Het zijn turbulente tijden voor de land- en tuinbouw, de meningen over hoe het verder moet of verder gaat, lopen sterk uiteen. Het is dus goed dat de VROM-raad eens alle aspecten in kaart heeft gebracht van de ingrijpende veranderingen die nu plaatsvinden in de agrarische sector. En wat daar de ruimtelijke consequenties van zijn. Het advies brengt ordening aan en weet daar pakkende trefwoorden aan te verbinden.

Ik heb al de vier trefwoorden genoemd voor de
ontwikkelingsmogelijkheden die de VROM-raad voor de landbouw ziet.

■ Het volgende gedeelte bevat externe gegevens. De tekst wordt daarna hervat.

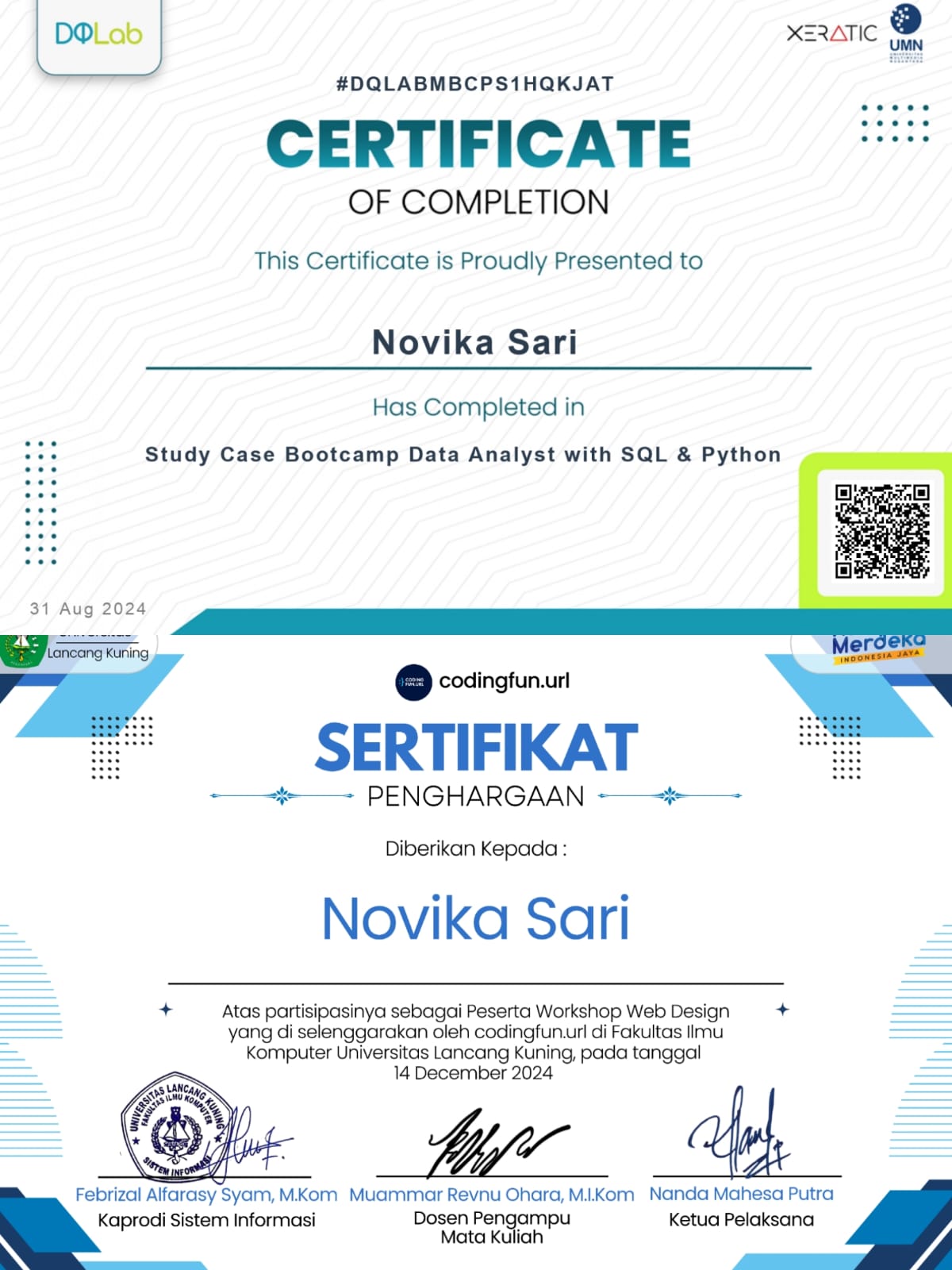 Sebagai mahasiswa Sistem Informasi, saya tidak hanya belajar teori, tapi juga aktif mengasah keterampilan praktis. Ada beberapa proyek/praktik ilmu yang pernah saya kerjakan & ikuti selama 4 semester di bidang Sistem Informasi diantaranya: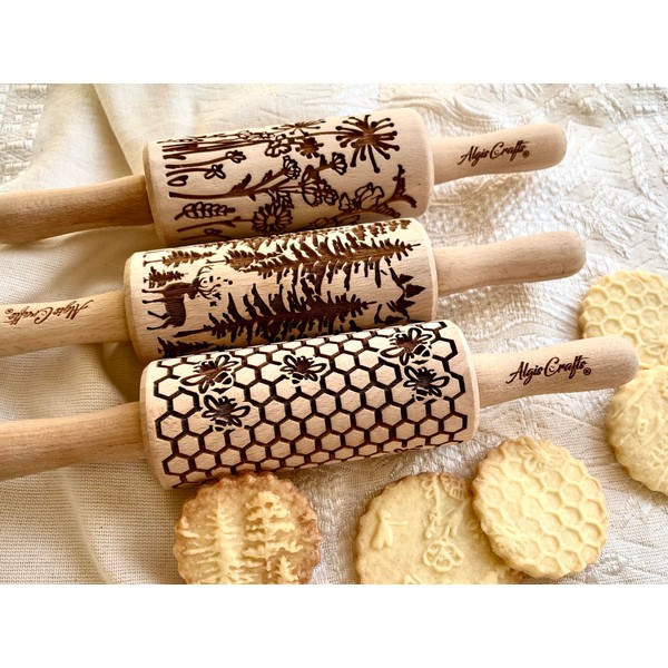 WILD 3 mini Embossed Rolling Pin Set with Bees, Meadow and Forest Patterns by Algis Crafts for Cookies and Pottery by Algis Crafts

Land- en tuinbouw kan 'groot' worden, via schaalvergroting en rationalisatie. Maar dan moet de landbouw daarvoor ook de ruimte en de beste grond krijgen. Dit sluit aan bij het aanwijzen van landbouwontwikkelingsgebieden, zoals de Nota Ruimte voorstelt, en de ruimte die het Rijk daarvoor biedt aan provincies.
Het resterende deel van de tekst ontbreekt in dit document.